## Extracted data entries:
-- Opening Marker --

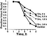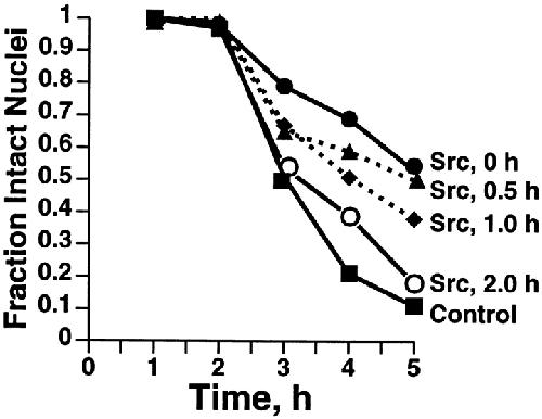 Figure 5. The Src SH2 domain inhibits an activity important in the early portion of the apoptotic process. The experiment was performed as above, except that the GST–Src SH2 fusion was added (final concentration 100 nM) at the indicated times after the start of incubation.
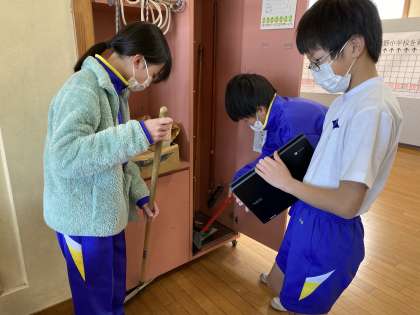 家庭科の学習で、校舎内の汚れているところを掃除しました。汚れに合わせて掃除の仕方を工夫しました。
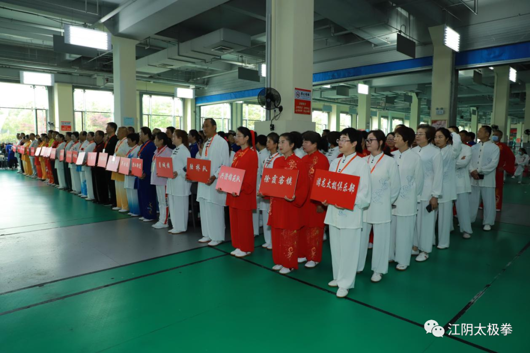 上午8点整,比赛开幕式在庄严的国歌声中拉开帷幕。江阴市武术协会主席、江阴市太极拳协会会长陆钢主持开幕式。江阴市原人大副主任、市老年人体育协会常务副会长龚振东,江阴市老年人体育协会副会长、副秘书长殷文华,江阴市文体广电和旅游局体育事业发展中心主任李宁,江阴市老干部活动中心主任贺栋海、江阴市人力资源和社会保障局综合服务中心主任花晓艳,市武术协会、太极拳协会相关领导及部门负责人出席开幕式。
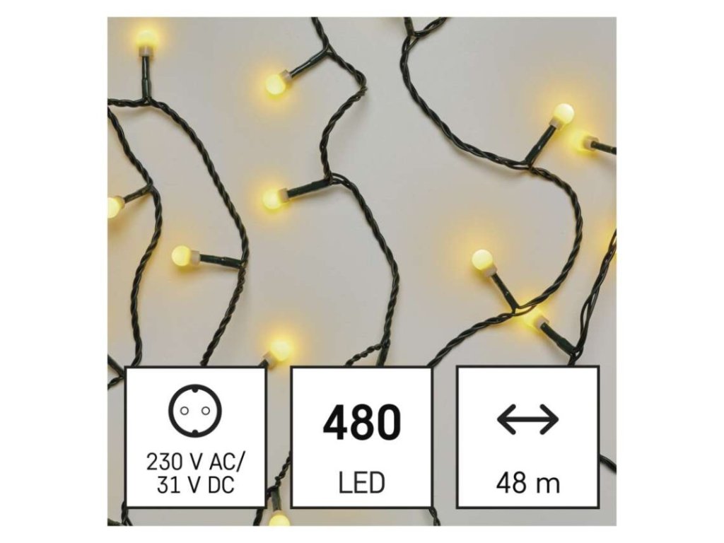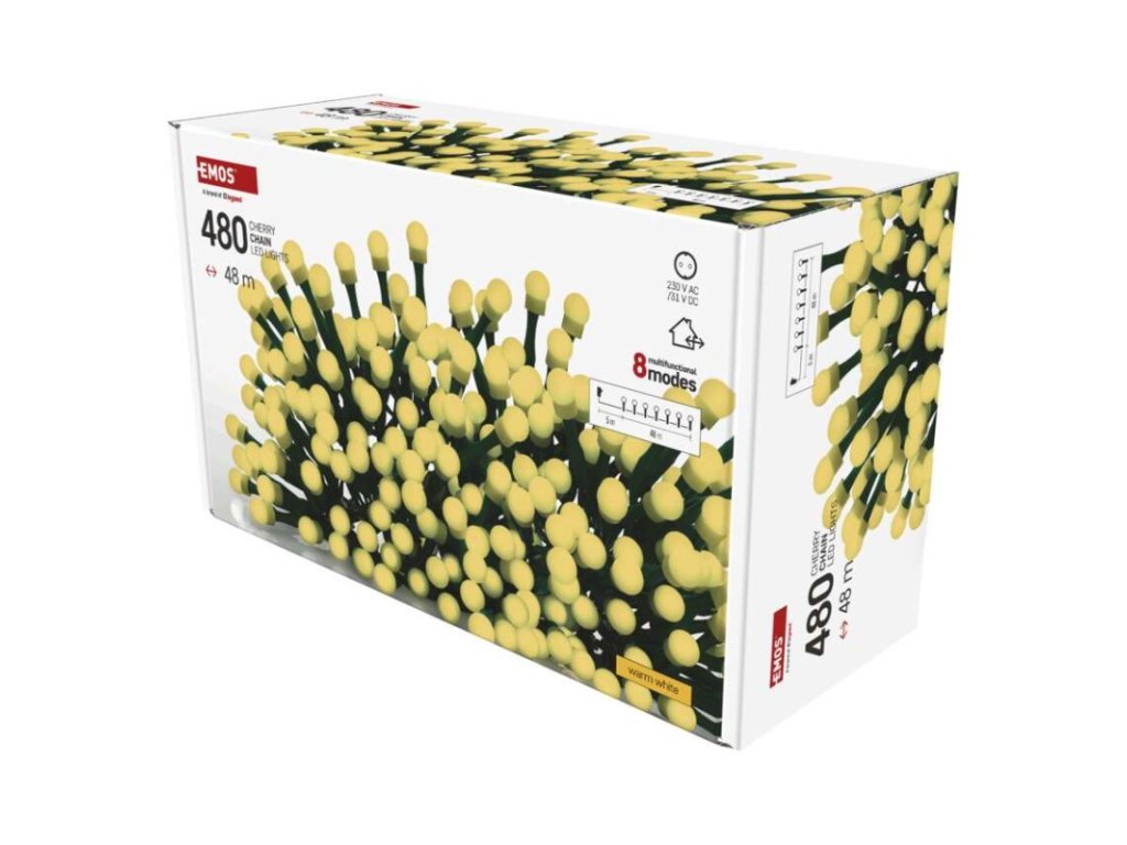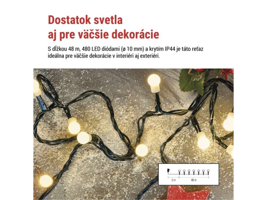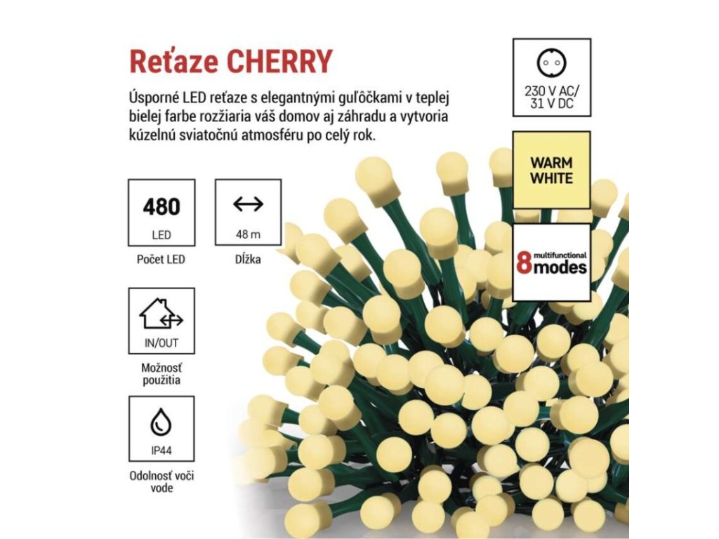 LED vianočná cherry reťaz – guličky, 48 m, vonk. aj vnútor.,teplá biela, programy, časovač
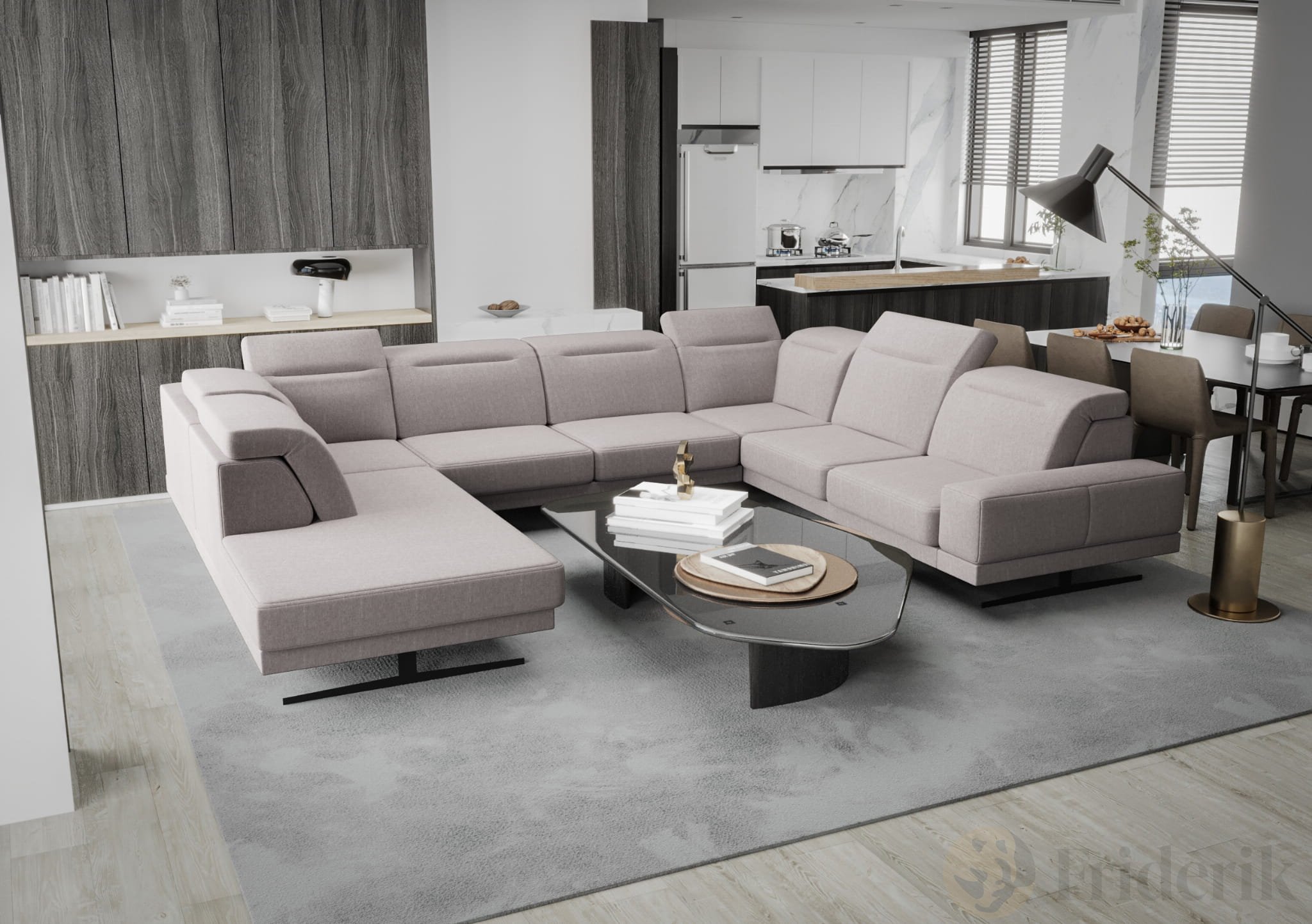 Wenn Sie ein großes, modernes Ecksofa suchen, das Design, Stabilität und außergewöhnlichen Sitzkomfort vereint, ist das Fiore Max I die ideale Wahl. Es füllt großzügige Räume mit Stil, bietet ergonomischen Komfort dank verstellbarer Kopfstützen und überzeugt durch langlebige Materialien.
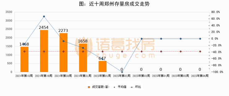 存量房方面,第06周郑州存量房成交0套,较上周持平。从近十周成交走势来看,周均成交套数为850套,本周低于平均水平100%。
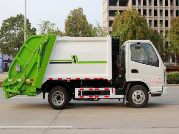 (3)油泵采用國內知名品牌安徽皖液油泵,加裝壓實閥,增加壓縮密度、提高裝載量。裝載量相當于同噸級排非壓縮垃圾的兩倍半。威森博樂多路閥,徐州全球通液壓油鋼管,多路閥處硬鏈接,整齊美觀,散熱快,工作效率高,采用**的外置油缸結構和雙向壓縮技術,通過國內國外一流品牌配件,實現壓縮比超過 1:2.5,單次循環≤20 秒,達到了垃圾收集、效率的成倍提升。
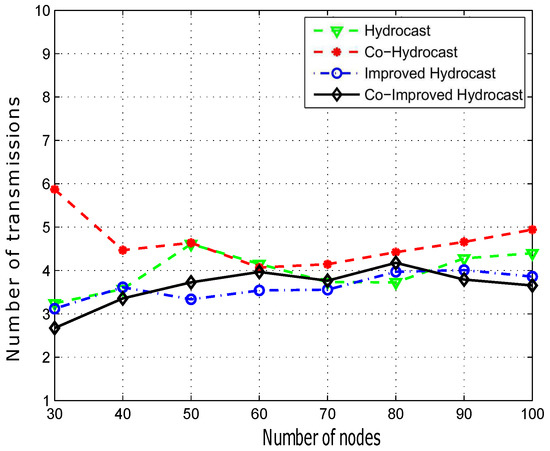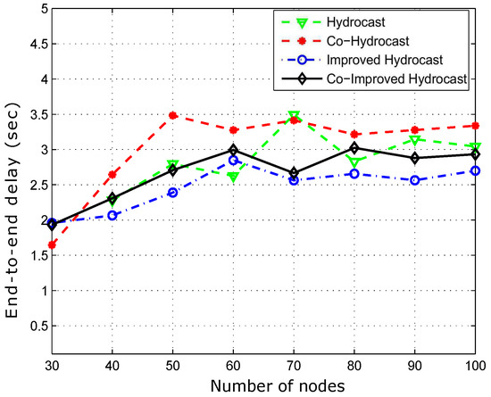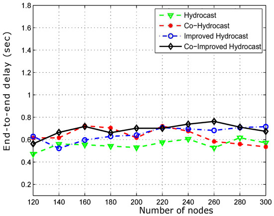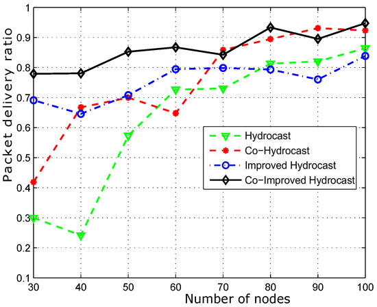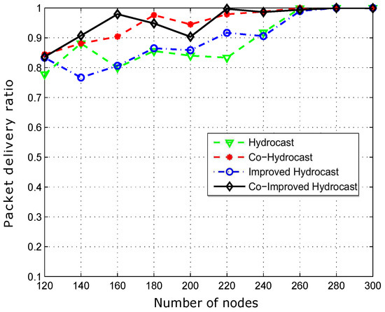 Figure 12 shows the packet delivery ratio. Hydrocast has low throughput when the network density is low. The reason is that the breakage of established recovery paths for void nodes due to the mobility of sensor nodes. In sparse network conditions, more void nodes are found that need recovery paths for the data packet transmission. As the network density increases, the number of void nodes decreases, and ultimately less number of recovery paths are established in the network and vice versa. Improved Hydrocast shows better performance due to the deployment of nodes at the strategic locations in the network. Co-Hydrocast also has better results than the Hydrocast due to the cooperation technique in Co-Hydrocast. Whenever, a data packet fails to successfully reach the destination, or the received signal SNR according to Equation (17) is lower than the threshold, MRC technique is used to combine signals for avoiding re-transmissions. Co-Improved Hydrocast outperforms all compared schemes, and has the highest packet delivery ratio. It takes the advantage of both opportunistic cooperation and strategic location mechanism to improve the PDR of the network nodes.
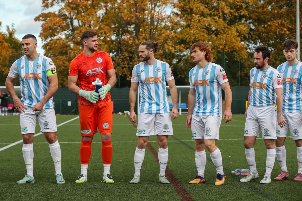 As the rest of the cast assembled we made our way to the battle bus. We had left plenty of time to get to Bracknell with only a couple of pickups. Ash White was collected from Puddletown, and what would appear to have been the reanimated corpse of Joe Prior joined us at Ferndown having been to a Halloween party the night before, I assume as a zombie. After a quick stop at Rownhams and as Prior tried to catch up on lost sleep we hit a bit of traffic that knocked our ETA back a bit, which was not the best news for the other JP who was joining us as he’d taken the option of the 1230 arrival into Sandhurst and was now watching the youth game at the ground with a pint and a lot of bemused parents.
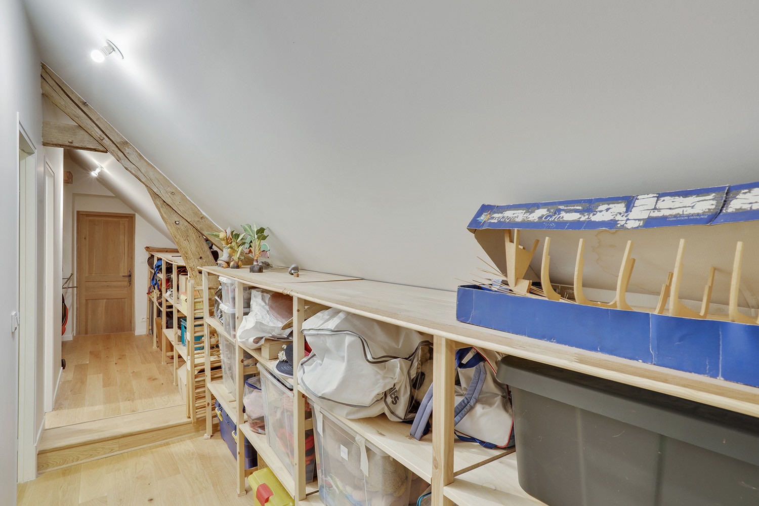 A noter : la cloison s’arrête en hauteur au niveau des poutres, les quelques dizaines de centimètres dans la partie triangulaire ont vu la pose d’une verrière intérieure pour apporter de la clarté à l’ensemble des combles.
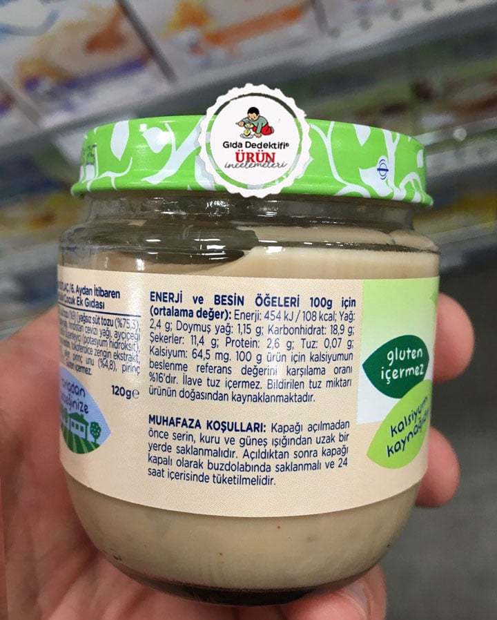 Üründe üçüncü sırada ise şeker yer alıyor. Üründeki şeker oranı net olarak ifade edilmiyor. Besin değerleri tablosundan anladığımız kadarıyla ürün 100 gr.’da 11 gr. şeker içeriyor – ki bunun çok azı sütten geliyor. Bu haliyle ürün tek kavanozda yaklaşık 13,2 gr. şeker bulunduğu hesaplanıyor. Üründe bu şeker yüküne karşılık lif oranı ise beyan edilmiyor. Ürün bu temel bileşenlerin yanı sıra; %4,8 oranında pirinç unu ve %1,5 oranında pirinç içermektedir. Üründe ayrıca %0,005 yani yüzbinde 5 oranında da tarçın bulunmaktadır.Bu haliyle “6. aydan itibaren tüketilebilir” ifadesi yer alan ürün 120 gr.’lık tek kavanozda yüksek oranda ilave şekerden gelen 129 kcal enerji veriyor. Ürün tek kavanozda 13,2 gr. şeker, 2,9 gr. yağ ve 3,12 gr. protein içeriyor. Üründe kalsiyum oranı ise 100 gr.’da 64,5 mg. olarak beyan ediliyor – ki bu da tek kavanozda 77,4 mg. kalsiyum içerdiğini gösteriyor. Hatırlatalım 120 ml. süt 144 mg. yani bu kavanozun iki katına denk oranda kalsiyum içermektedir. Anne sütünde ise çok daha fazlası ve yararlı bileşenler bulunmaktadır.
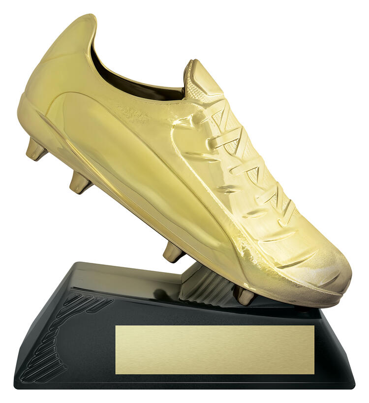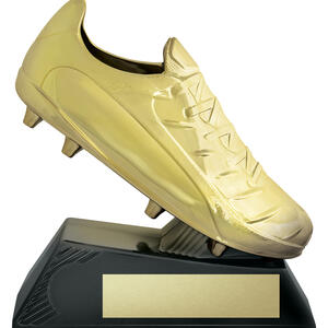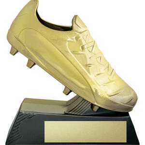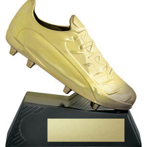 Crafted for standout sporting recognition, this boot shaped trophy showcases a detailed golden boot set atop a sturdy black rectangular base. The gold finish, enhanced with a hard shell, offers an elegant and durable presentation. Available in three sizes, it provides a professional and memorable way to celebrate rugby achievement.
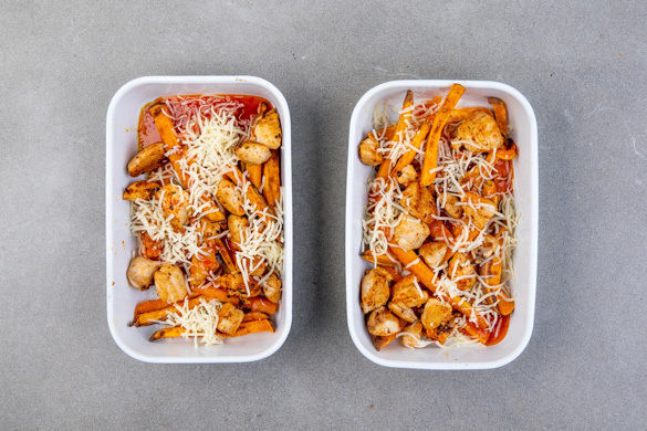 Den Ofen nach Möglichkeit auf 240°C Grillfunktion umstellen. Die Gemüsestifte in eine Auflaufform geben, das Fleisch darauf verteilen und mit der ½ der Sweet-Chili-Sauce beträufeln. Mit der ½ des Käses bestreuen und im Ofen ca. 5Min. grillen bzw. überbacken, bis der Käse goldbraun zerlaufen ist. Tipp: Wer mag, kann für jede Portion eine kleine Auflaufform verwenden.
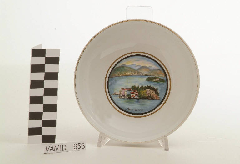 Piatto fondo circolare privo di tesa; fondo bianco decorato al centro del cavetto con una veduta policroma del Lago Maggiore; bordo rifinito con filettatura oro.
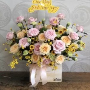 Lẵng hoa chúc mừng sinh nhật kết hợp bỏi những đóa hoa hồng đẹp nhất tạo nên một lẵng hoa độc đáo dành để gởi những lời chúc mừng đến người thân

-- Closing Marker --

## Aim of the exercise:
The records above must be retyped exactly. Please omit the pictures.

## Response:
 Figure 5. The Src SH2 domain inhibits an activity important in the early portion of the apoptotic process. The experiment was performed as above, except that the GST–Src SH2 fusion was added (final concentration 100 nM) at the indicated times after the start of incubation.
 家庭科の学習で、校舎内の汚れているところを掃除しました。汚れに合わせて掃除の仕方を工夫しました。
 上午8点整,比赛开幕式在庄严的国歌声中拉开帷幕。江阴市武术协会主席、江阴市太极拳协会会长陆钢主持开幕式。江阴市原人大副主任、市老年人体育协会常务副会长龚振东,江阴市老年人体育协会副会长、副秘书长殷文华,江阴市文体广电和旅游局体育事业发展中心主任李宁,江阴市老干部活动中心主任贺栋海、江阴市人力资源和社会保障局综合服务中心主任花晓艳,市武术协会、太极拳协会相关领导及部门负责人出席开幕式。
 LED vianočná cherry reťaz – guličky, 48 m, vonk. aj vnútor.,teplá biela, programy, časovač
 Wenn Sie ein großes, modernes Ecksofa suchen, das Design, Stabilität und außergewöhnlichen Sitzkomfort vereint, ist das Fiore Max I die ideale Wahl. Es füllt großzügige Räume mit Stil, bietet ergonomischen Komfort dank verstellbarer Kopfstützen und überzeugt durch langlebige Materialien.
 存量房方面,第06周郑州存量房成交0套,较上周持平。从近十周成交走势来看,周均成交套数为850套,本周低于平均水平100%。
 (3)油泵采用國內知名品牌安徽皖液油泵,加裝壓實閥,增加壓縮密度、提高裝載量。裝載量相當于同噸級排非壓縮垃圾的兩倍半。威森博樂多路閥,徐州全球通液壓油鋼管,多路閥處硬鏈接,整齊美觀,散熱快,工作效率高,采用**的外置油缸結構和雙向壓縮技術,通過國內國外一流品牌配件,實現壓縮比超過 1:2.5,單次循環≤20 秒,達到了垃圾收集、效率的成倍提升。
 Figure 12 shows the packet delivery ratio. Hydrocast has low throughput when the network density is low. The reason is that the breakage of established recovery paths for void nodes due to the mobility of sensor nodes. In sparse network conditions, more void nodes are found that need recovery paths for the data packet transmission. As the network density increases, the number of void nodes decreases, and ultimately less number of recovery paths are established in the network and vice versa. Improved Hydrocast shows better performance due to the deployment of nodes at the strategic locations in the network. Co-Hydrocast also has better results than the Hydrocast due to the cooperation technique in Co-Hydrocast. Whenever, a data packet fails to successfully reach the destination, or the received signal SNR according to Equation (17) is lower than the threshold, MRC technique is used to combine signals for avoiding re-transmissions. Co-Improved Hydrocast outperforms all compared schemes, and has the highest packet delivery ratio. It takes the advantage of both opportunistic cooperation and strategic location mechanism to improve the PDR of the network nodes.
 As the rest of the cast assembled we made our way to the battle bus. We had left plenty of time to get to Bracknell with only a couple of pickups. Ash White was collected from Puddletown, and what would appear to have been the reanimated corpse of Joe Prior joined us at Ferndown having been to a Halloween party the night before, I assume as a zombie. After a quick stop at Rownhams and as Prior tried to catch up on lost sleep we hit a bit of traffic that knocked our ETA back a bit, which was not the best news for the other JP who was joining us as he’d taken the option of the 1230 arrival into Sandhurst and was now watching the youth game at the ground with a pint and a lot of bemused parents.
 A noter : la cloison s’arrête en hauteur au niveau des poutres, les quelques dizaines de centimètres dans la partie triangulaire ont vu la pose d’une verrière intérieure pour apporter de la clarté à l’ensemble des combles.
 Üründe üçüncü sırada ise şeker yer alıyor. Üründeki şeker oranı net olarak ifade edilmiyor. Besin değerleri tablosundan anladığımız kadarıyla ürün 100 gr.’da 11 gr. şeker içeriyor – ki bunun çok azı sütten geliyor. Bu haliyle ürün tek kavanozda yaklaşık 13,2 gr. şeker bulunduğu hesaplanıyor. Üründe bu şeker yüküne karşılık lif oranı ise beyan edilmiyor. Ürün bu temel bileşenlerin yanı sıra; %4,8 oranında pirinç unu ve %1,5 oranında pirinç içermektedir. Üründe ayrıca %0,005 yani yüzbinde 5 oranında da tarçın bulunmaktadır.Bu haliyle “6. aydan itibaren tüketilebilir” ifadesi yer alan ürün 120 gr.’lık tek kavanozda yüksek oranda ilave şekerden gelen 129 kcal enerji veriyor. Ürün tek kavanozda 13,2 gr. şeker, 2,9 gr. yağ ve 3,12 gr. protein içeriyor. Üründe kalsiyum oranı ise 100 gr.’da 64,5 mg. olarak beyan ediliyor – ki bu da tek kavanozda 77,4 mg. kalsiyum içerdiğini gösteriyor. Hatırlatalım 120 ml. süt 144 mg. yani bu kavanozun iki katına denk oranda kalsiyum içermektedir. Anne sütünde ise çok daha fazlası ve yararlı bileşenler bulunmaktadır.
 Crafted for standout sporting recognition, this boot shaped trophy showcases a detailed golden boot set atop a sturdy black rectangular base. The gold finish, enhanced with a hard shell, offers an elegant and durable presentation. Available in three sizes, it provides a professional and memorable way to celebrate rugby achievement.
 Den Ofen nach Möglichkeit auf 240°C Grillfunktion umstellen. Die Gemüsestifte in eine Auflaufform geben, das Fleisch darauf verteilen und mit der ½ der Sweet-Chili-Sauce beträufeln. Mit der ½ des Käses bestreuen und im Ofen ca. 5Min. grillen bzw. überbacken, bis der Käse goldbraun zerlaufen ist. Tipp: Wer mag, kann für jede Portion eine kleine Auflaufform verwenden.
 Piatto fondo circolare privo di tesa; fondo bianco decorato al centro del cavetto con una veduta policroma del Lago Maggiore; bordo rifinito con filettatura oro.
 Lẵng hoa chúc mừng sinh nhật kết hợp bỏi những đóa hoa hồng đẹp nhất tạo nên một lẵng hoa độc đáo dành để gởi những lời chúc mừng đến người thân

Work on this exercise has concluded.